[AUDITORY] [PhD position] Multiple sound source tracking with deep learning

Apologies for cross-posting:

PhD position in Multiple sound source tracking with deep learning, M/F

Ref : 2022-10750 | 31 Mar 2022

4 rue du clos Courtel 35510 CESSON SEVIGNE - France

About the role

Your role is to develop neural network-based methods for an accurate, causal, and low-latency tracking, capable of simultaneously estimating the trajectories of multiple speech sources.

Owing to progress in deep learning, speech recognition has shown a great momentum in recent years. Nevertheless, the accuracy of speech recognition engines degrades in adverse acoustic conditions, due to noise, reverberation, and interfering speech sources, emphasising the requirement for a pre-processing, speech enhancement stage. This is usually achieved by the combination of a microphone array and beamforming, which aims at preserving the sound coming from the target source direction, while attenuating the rest. Therefore, knowing the Direction-of-Arrival (DoA) of the useful speech signal with respect to the microphone array is a mandatory pre-requisite. In practice, the DoA of a target source is estimated by a source localization algorithm, which can provide only instantaneous, noisy, and unlabeled DoA estimates. Such observations are inadequate for beamforming, which requires source trajectories, corresponding to the positions along time of each target source. The goal of the tracking algorithm is to assemble these trajectories from the raw DoA observations.

Tracking multiple speech sources in real-life environments is known to be a notoriously challenging problem, for several reasons. First, due to acoustics - particularly, noise and reflections off the surfaces of the environment (walls, floor, furniture, …). The latter can bias the DoA estimates, and even produce false observations. Second, the observations are usually intermittent, whether due to the intermittent nature of the source itself (speech for instance), or because, during certain period, a source may be masked by a stronger one. Recovering such trajectory is equivalent to « re-identification » of a speech source. Finally, due to application requirements: since the speech recognition system often runs in real-time, the tracker needs to be causal, i.e., it should exploit only present and past information.

The goal of this PhD thesis is to devise a multisource tracking system based entirely, or in part, on deep learning methods. The tracker would integrate the speaker counting and DoA estimates, obtained from highly efficient detection and localization modules, already developed in a recently defended PhD thesis. Furthermore, these features will be augmented by speaker neural embeddings, with the goal of improving the tracking of intermittent sources. Finally, the complete system could be unified into a single neural network architecture, hence enabling the end-to-end training.

About you

Skills and qualities required:

Research Master or engineering school

· Background in signal processing and/or machine learning applied to audio and acoustics

· Appetite for audio processing

· In-depth knowledge of Python and Bash

· Hands-on experience with deep learning toolkits, such as PyTorch, Tensorflow, Kaldi

·. Scientific rigor and creativity

Additional information

The practical outcome of the thesis would be the full processing chain comprised of counting, localization and tracking modules running in real-time on a standard PC (or an embedded device). The subject of this thesis, at the boundary of microphone array processing and speech recognition, associated with the deep learning approach currently in huge progression, guarantee that the conducted works will be recognized both by academic and industrial communities.
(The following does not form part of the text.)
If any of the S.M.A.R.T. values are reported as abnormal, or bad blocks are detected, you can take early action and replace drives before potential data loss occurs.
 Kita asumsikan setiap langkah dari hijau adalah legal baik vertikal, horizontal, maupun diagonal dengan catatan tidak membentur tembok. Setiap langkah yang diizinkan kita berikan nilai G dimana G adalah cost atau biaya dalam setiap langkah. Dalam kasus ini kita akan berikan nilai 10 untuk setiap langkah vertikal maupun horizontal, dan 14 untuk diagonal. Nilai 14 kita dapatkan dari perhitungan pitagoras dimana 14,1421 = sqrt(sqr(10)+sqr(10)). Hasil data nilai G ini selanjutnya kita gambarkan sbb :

To achieve this task, the candidate will have access to different equipment to create database and test its developments: room equipped with 30 loudspeakers and ICARE software to simulate moving sources immersed in realistic and complex acoustic environments.
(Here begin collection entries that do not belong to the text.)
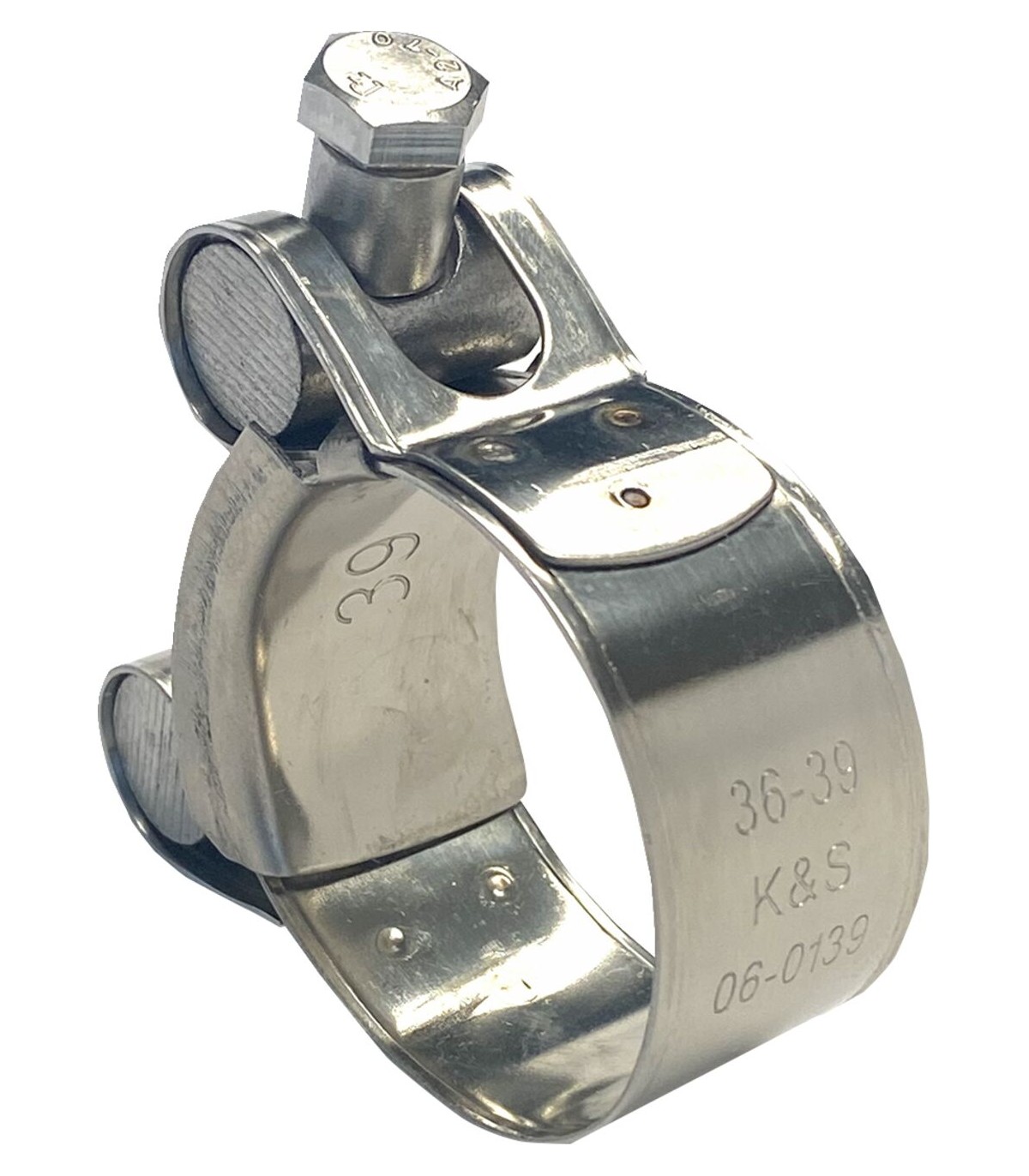 Exhaust Pipe ClampCorrosion resistant and temperature resistantBarrel-and-band design for high clamping pressureSold individually; packer in poly bag and K&S header card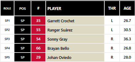 Ranger Suarez and Sonny Gray are pitchers that should adapt well to Fenway. Suarez is a ground ball pitcher who is elite at keeping the ball in the ballpark (0.80 HR/9: 12th in baseball). Sonny Gray is a spin wizard who brings a ton of experience. In this rotation, he will not be asked to lead this rotation but be a steady veteran. Brayan Bello is their #4 coming off a 3.35 ERA in 166 innings.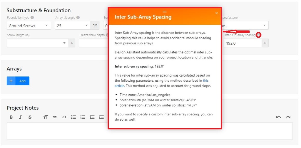 For the Ground Based Design Assistant, DA now automatically calculates the optimal inter sub-array spacing depending on your project location and tilt angle. The values for inter sub-array spacing were calculated based on the following parameters, using the method described in this article.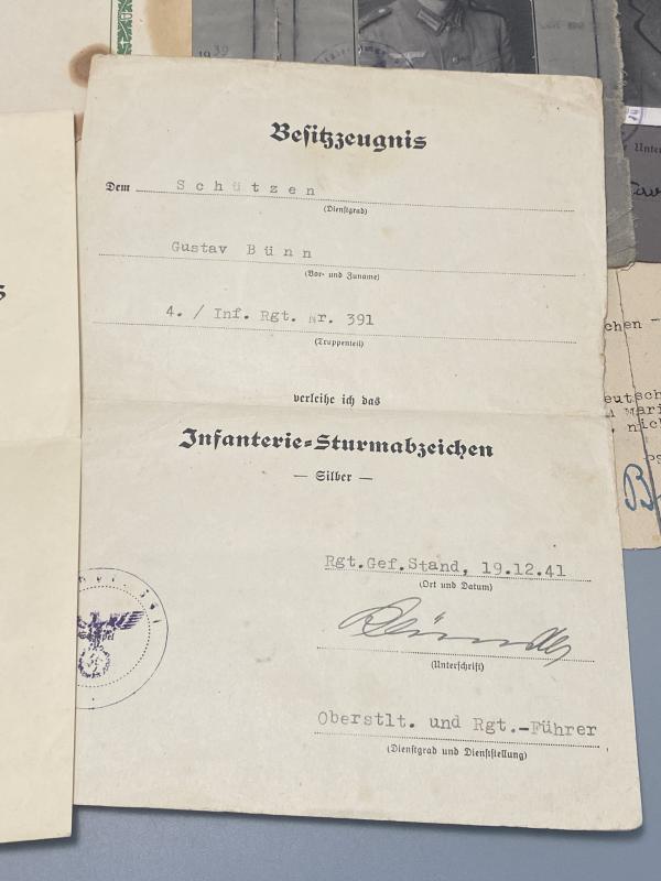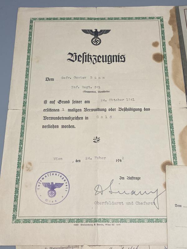 German Army Wehrpass & Citation Group Gustav Bünn Wound Badge In Gold Inf.Regt.391 170th Infantry Division
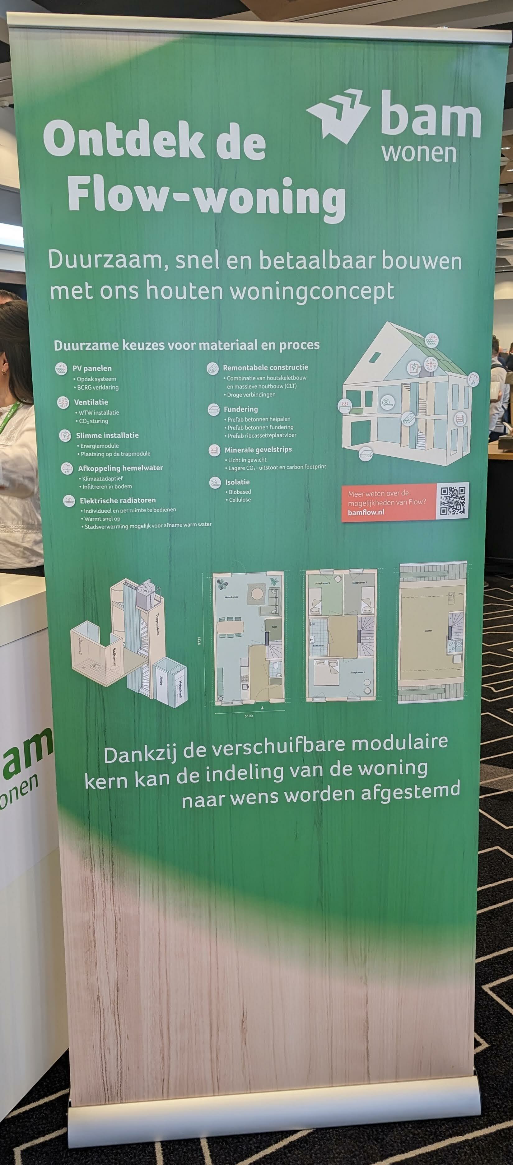 Wat opviel was dat er op de beurs eigenlijk alleen maar modulaire, circulaire en houten concepten werden gebracht. Deze tak van sport was lang niet betaalbaar en niet gebruikelijk maar lijkt nu "het nieuwe normaal" te worden voor bouwbedrijven en ontwikkelaars. Leuke concepten overigens gezien, niet van traditioneel te onderscheiden. In de fabriek gemaakt, houten constructie met steenstrips op de gevel.

Concerning the implementation task, the PhD student could be led to interact with the team in charge of developing prototypes and integrating localizing algorithms in VST plugins for real-time visualization.

Department

Orange Innovation brings together the research and innovation activities and expertise of the Group's entities and countries. We work every day to ensure that Orange is recognized as an innovative operator by its customers and we create value for the Group and the Brand in each of our projects. With 720 researchers, thousands of marketers, developers, designers and data analysts, it is the expertise of our 6,000 employees that fuels this ambition every day.
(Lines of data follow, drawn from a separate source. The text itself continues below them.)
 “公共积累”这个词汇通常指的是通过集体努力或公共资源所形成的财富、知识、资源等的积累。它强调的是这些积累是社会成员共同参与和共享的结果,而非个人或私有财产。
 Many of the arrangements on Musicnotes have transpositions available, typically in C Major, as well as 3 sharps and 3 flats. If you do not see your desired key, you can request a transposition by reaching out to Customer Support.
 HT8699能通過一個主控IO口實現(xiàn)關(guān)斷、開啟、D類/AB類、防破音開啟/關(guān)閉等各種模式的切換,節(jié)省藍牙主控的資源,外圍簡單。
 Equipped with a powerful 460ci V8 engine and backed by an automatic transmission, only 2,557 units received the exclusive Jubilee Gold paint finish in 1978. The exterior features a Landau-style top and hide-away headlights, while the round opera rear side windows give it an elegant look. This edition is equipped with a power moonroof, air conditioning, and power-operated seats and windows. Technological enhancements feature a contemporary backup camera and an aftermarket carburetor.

Orange Innovation anticipates technological breakthroughs and supports the Group's countries and entities in making the best technological choices to meet the needs of our consumer and business customers.

The team CVA (Content Audio Video) counts around 20 people, mostly permanent researchers, and PhD students, focused on signal processing and machine learning technologies for audio and video. The focus of the audio group is on microphone array processing, 3D-audio rendering and multichannel compression in connection with the definition and implementation of international standards in the domain (MPEG, 3GPP).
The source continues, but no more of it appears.